Conley and other doctors were nonetheles­s optimistic Sunday that Trump was doing better and could be sent back to convalesce at the White House perhaps on Monday. “If he continues to look and feel as well as he does today, our hope is to plan for a discharge as early as tomorrow to the White House, where he can continue his treatment course,” said Dr. Brian Garibaldi, another physician treating the president.

In addition to the steroids, Trump has received an experiment­al antibody cocktail and is in the midst of a five-day course of remdesivir, an antiviral drug. The White House has a medical unit capable of responding to a president’s health troubles but not with the sophistica­ted equipment available at Walter Reed.

Trump, who historical­ly hates hospitals and anything related to illness, has been hankering to get released, according to two people close to him, and some aides expressed fear that he would pressure Conley into releasing him by claiming to feel better than he actually does. But advisers were also troubled by the doctors’ prediction that they might release him Monday because if they do not, it would signal that the president is not doing as well as indicated.

They also worried that a premature return could lead to a second trip to the hospital if his condition worsened.

Trump was said to be working from his hospital suite, including receiving a briefing via secure video conference from Robert O’Brien, his national security adviser, as well as Secretary of State Mike Pompeo and Gen.
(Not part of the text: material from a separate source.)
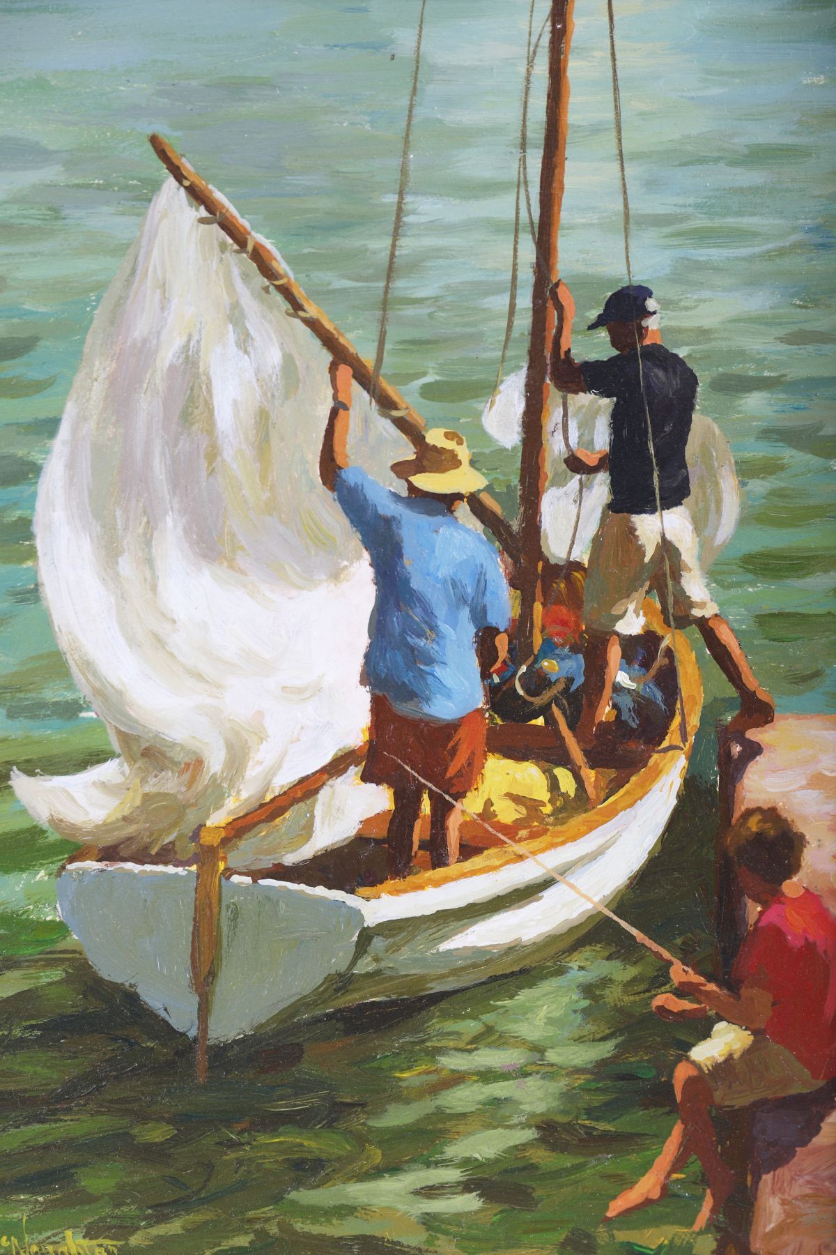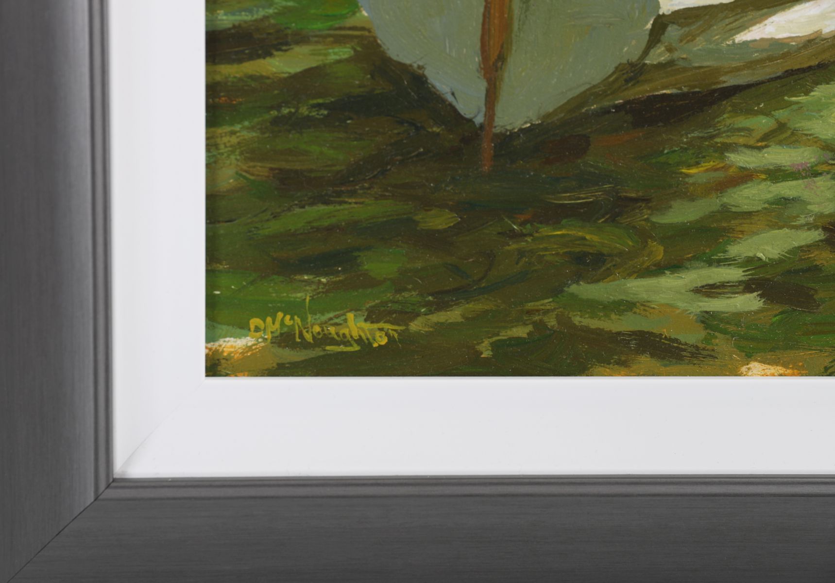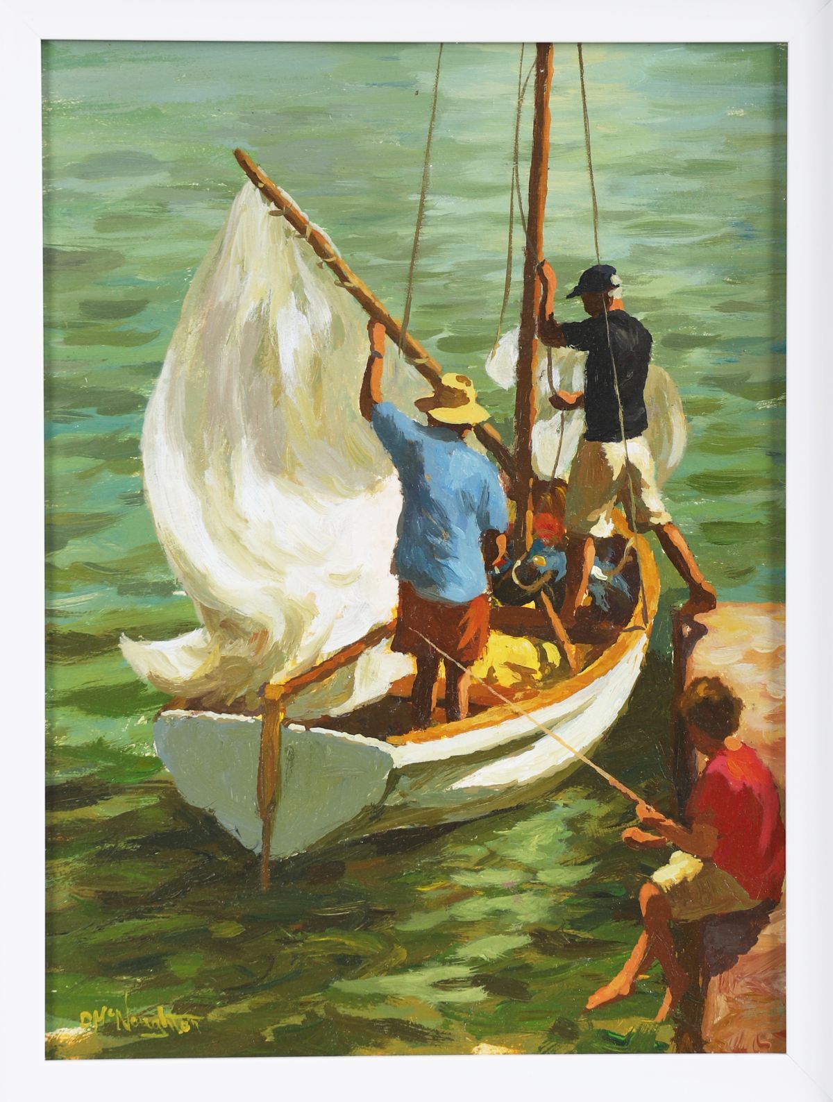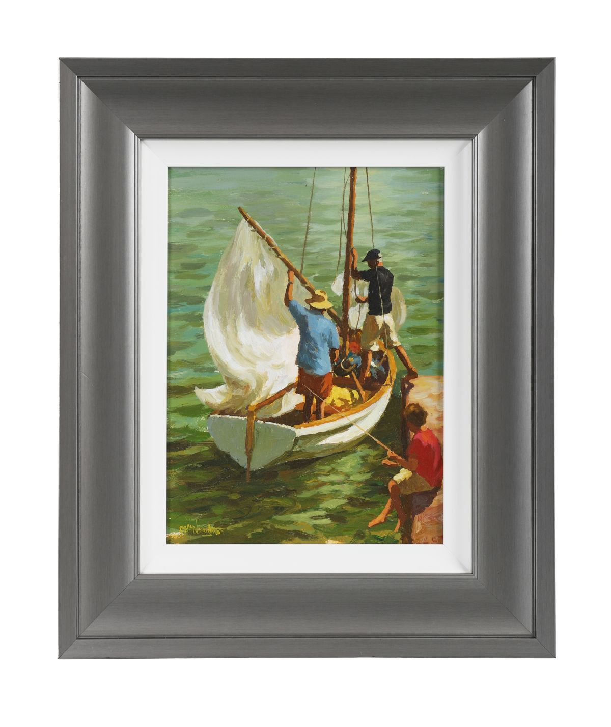 A lively coastal composition depicting three fishermen preparing to raise a sail on a moored boat. Strong directional light highlights the fabric of the sail and the reflective green surface of the water. Painted with McNaughton’s confident brushwork and naturalistic colour sense. Signed lower left and framed in a silver moulded frame with white slip.

Mark Milley, chair of the Joint Chiefs of Staff.

The president has also been watching lots of television, even more than usual, and has been exasperate­d by coverage of Saturday’s calamitous handling of his medical informatio­n by Conley and Meadows, as well as speculatio­n about him transferri­ng powers to Vice President Mike Pence.

He was also angry that no one was on television defending him, as he often is when he cannot inject his own views into news media coverage, aides said. As a result, Rudy Giuliani, his personal lawyer, was expected to appear on several television shows, as was Corey Lewandowsk­i, who was Trump’s first campaign manager in the 2016 race.